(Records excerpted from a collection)
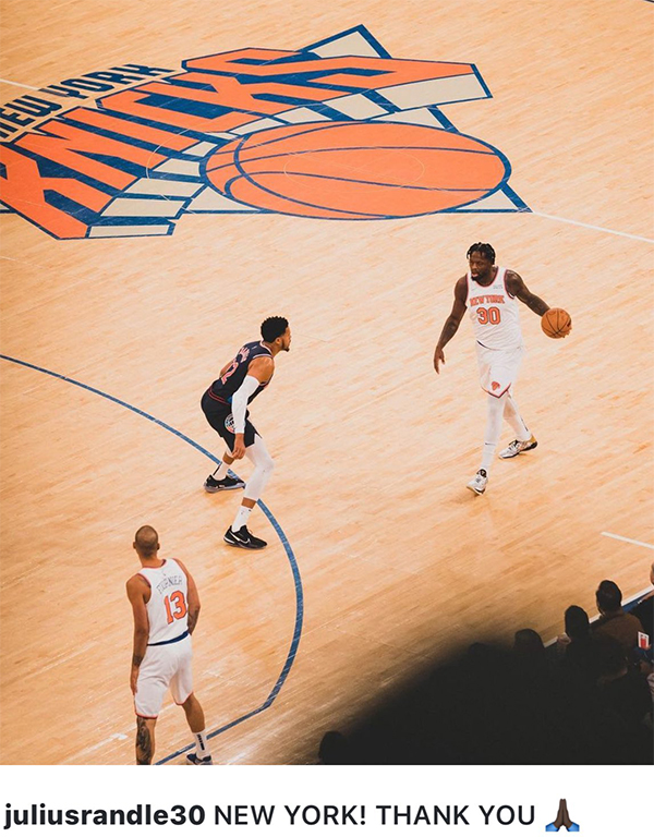 如今兰德尔本人在交易后正式发声,一句“纽约,谢谢你”告别尼克斯。
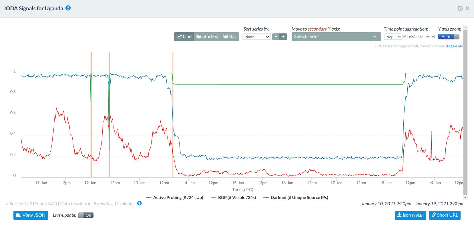 IODA data (above) shows a major drop in both Active Probing and IBR signals, starting at around 16:00 UTC on 13th January 2021, and lasting up until around 09:30 UTC on 18th January 2021. We also observe a drop in the BGP signal correlating in time with the drop in the other signals. As we see that all these signals resume to their previous levels on 18th January 2021, IODA data strongly indicates that Uganda experienced a widespread Internet outage.
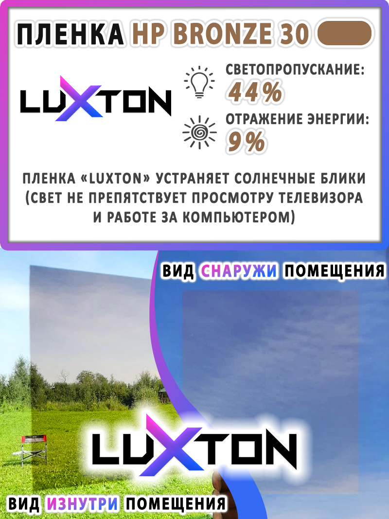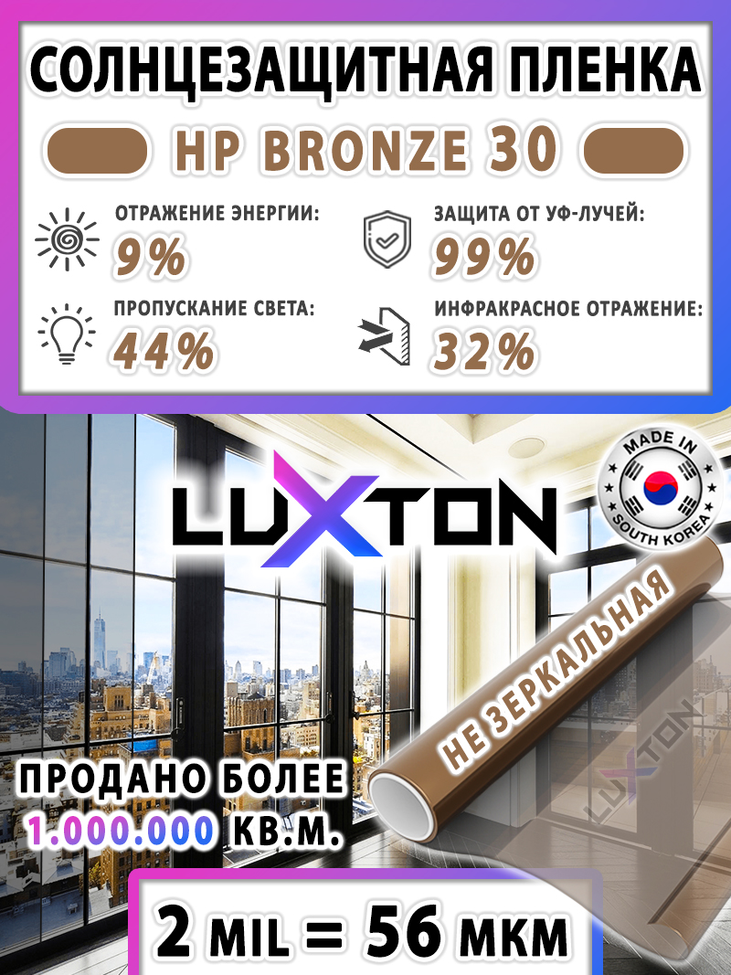 Солнцезащитная пленка LUXTON HP BRONZE 30 - бронзовая пленка без зеркального эффекта и светопропускаемостью 44%. Толщина 2 mil = 56 мкм. Тонировочная пленка LUXTON Характеризуется повышенной способностью удерживать солнечные и тепловые лучи.
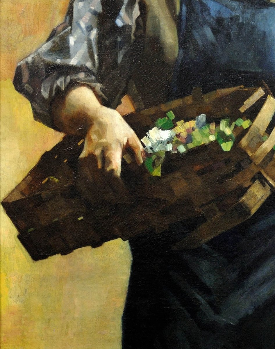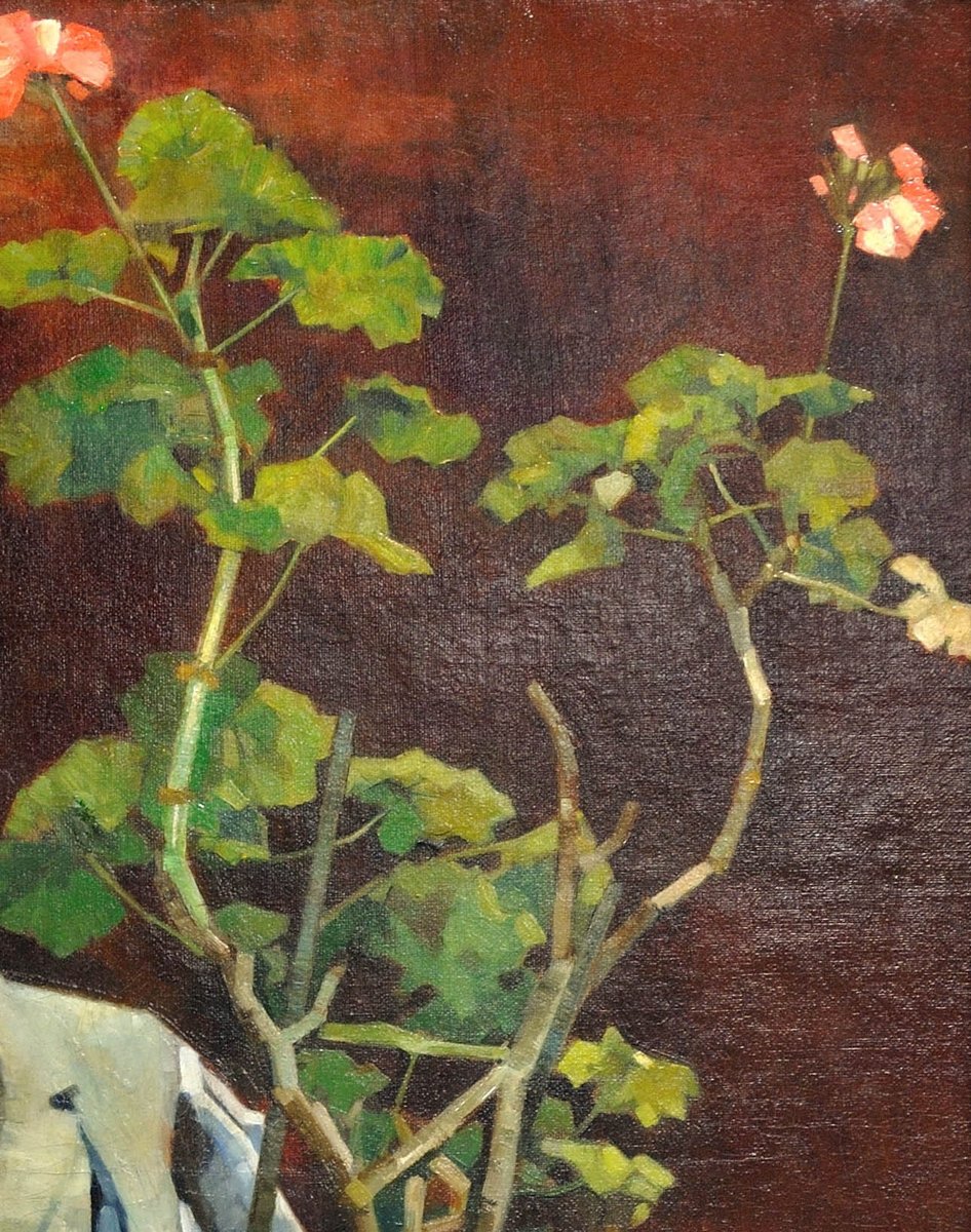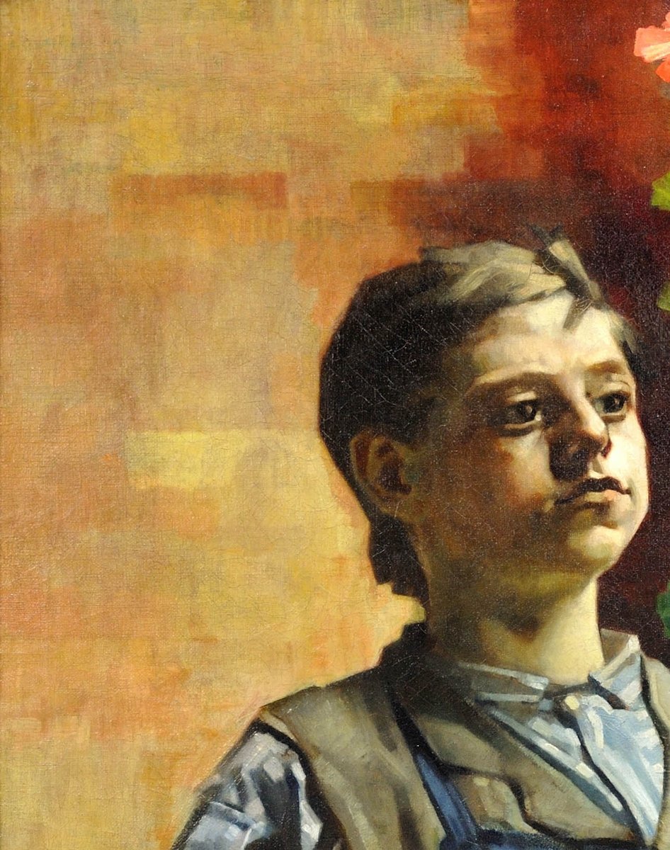 The composition beautifully balances light and shadow, with the soft light illuminating the boy’s face and highlighting the red geranium and the vibrant green foliage. The repeated use of square ended brushstrokes gives the work a very modern feel, despite it being nearly 140 years old.
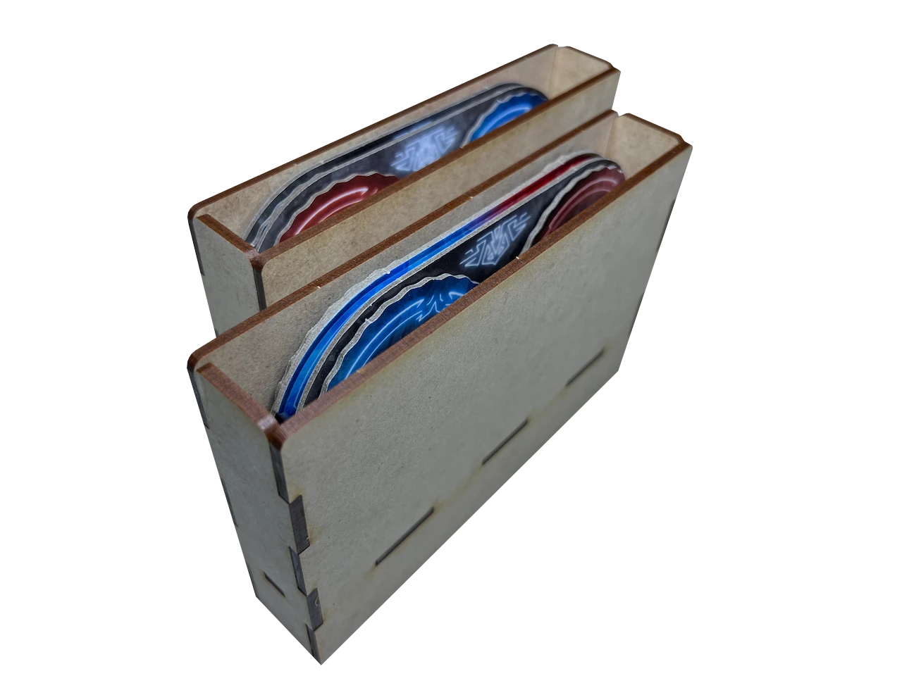 As with our Gloomhaven solution, our approach with this organizer provides dedicated character trays for each character.  This approach uses more wood and laser time, but results in the least fiddly approach possible when retiring and starting new characters.  It also allows for multiple concurrent games, as long as your characters in each party don’t overlap.
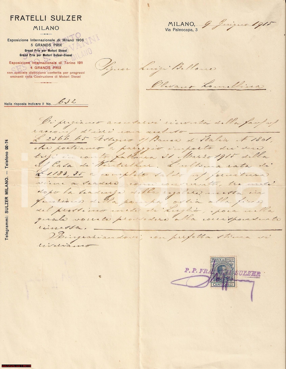TITOLO: FRATELLI SULZER - MOTORI DIESEL DESCRIZIONE: Lettera commerciale, inviata dalla ditta di Milano, specializzata in motori Diesel e pompe, al cliente Luigi Bellone. CONDIZIONI: buone (ma piegature d'epoca)
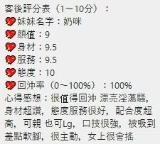 奶砲,按摩,69,陪洗,共浴,LG(舌吻)依氣氛衛生而定,可親嘴,無套吹,口爆,品鮑,舔蛋,奶推,屁推,冰火,冰塊(客自備),絲襪,快餐,2S
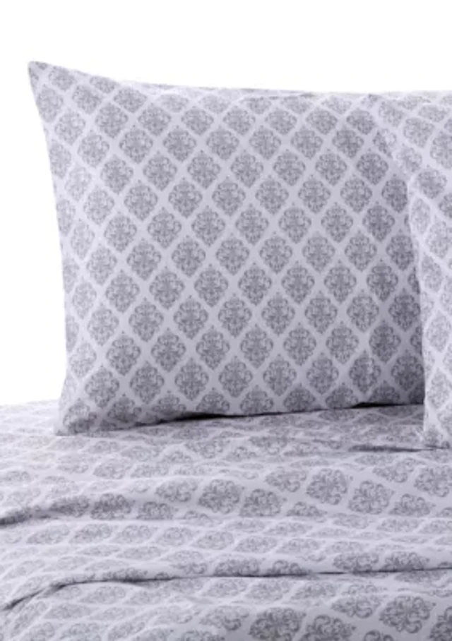 Tribeca Living Flannel Damask Printed Extra Deep Pocket Sheet Set
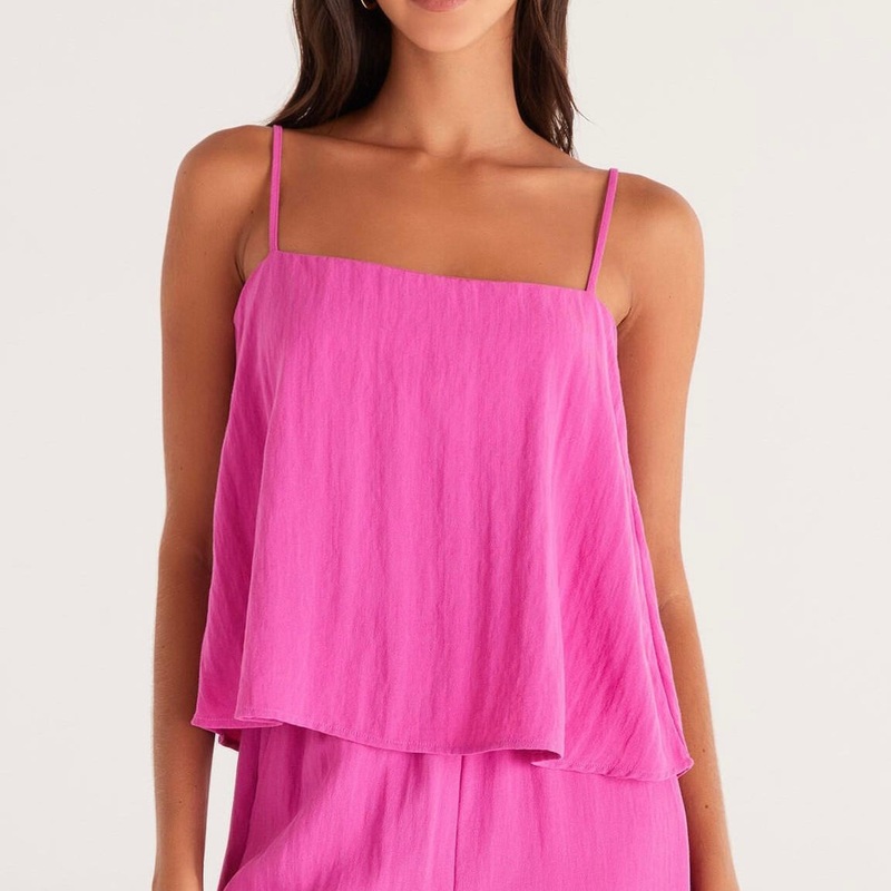 ZSupply Annie Tank in Pink.The Annie Tank is one of our newer, elevated tanks and we think you're gonna love it. Made using our Airy Flat Rayon, this loose and flowy adjustable spaghetti strap tank features a straight neckline with a built-in shelf bra and
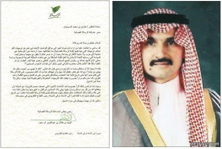 أعلن الأمير الوليد بن طلال رجل الأعمال المعروف ورئيس مجلس أمناء قناة الرسالة الفضائية عن إقالة مدير القناة الدكتور طارق السويدان، بعد تصريح الأخير بكونه «أحد قيادات الإخوان».

* **About this exercise**
When copying the records, reproduce every entry exactly and omit all pictures.

* **Result of the task**
 如今兰德尔本人在交易后正式发声,一句“纽约,谢谢你”告别尼克斯。
 IODA data (above) shows a major drop in both Active Probing and IBR signals, starting at around 16:00 UTC on 13th January 2021, and lasting up until around 09:30 UTC on 18th January 2021. We also observe a drop in the BGP signal correlating in time with the drop in the other signals. As we see that all these signals resume to their previous levels on 18th January 2021, IODA data strongly indicates that Uganda experienced a widespread Internet outage.
 Солнцезащитная пленка LUXTON HP BRONZE 30 - бронзовая пленка без зеркального эффекта и светопропускаемостью 44%. Толщина 2 mil = 56 мкм. Тонировочная пленка LUXTON Характеризуется повышенной способностью удерживать солнечные и тепловые лучи.
 The composition beautifully balances light and shadow, with the soft light illuminating the boy’s face and highlighting the red geranium and the vibrant green foliage. The repeated use of square ended brushstrokes gives the work a very modern feel, despite it being nearly 140 years old.
 As with our Gloomhaven solution, our approach with this organizer provides dedicated character trays for each character.  This approach uses more wood and laser time, but results in the least fiddly approach possible when retiring and starting new characters.  It also allows for multiple concurrent games, as long as your characters in each party don’t overlap.
TITOLO: FRATELLI SULZER - MOTORI DIESEL DESCRIZIONE: Lettera commerciale, inviata dalla ditta di Milano, specializzata in motori Diesel e pompe, al cliente Luigi Bellone. CONDIZIONI: buone (ma piegature d'epoca)
 奶砲,按摩,69,陪洗,共浴,LG(舌吻)依氣氛衛生而定,可親嘴,無套吹,口爆,品鮑,舔蛋,奶推,屁推,冰火,冰塊(客自備),絲襪,快餐,2S
 Tribeca Living Flannel Damask Printed Extra Deep Pocket Sheet Set
 ZSupply Annie Tank in Pink.The Annie Tank is one of our newer, elevated tanks and we think you're gonna love it. Made using our Airy Flat Rayon, this loose and flowy adjustable spaghetti strap tank features a straight neckline with a built-in shelf bra and
 أعلن الأمير الوليد بن طلال رجل الأعمال المعروف ورئيس مجلس أمناء قناة الرسالة الفضائية عن إقالة مدير القناة الدكتور طارق السويدان، بعد تصريح الأخير بكونه «أحد قيادات الإخوان».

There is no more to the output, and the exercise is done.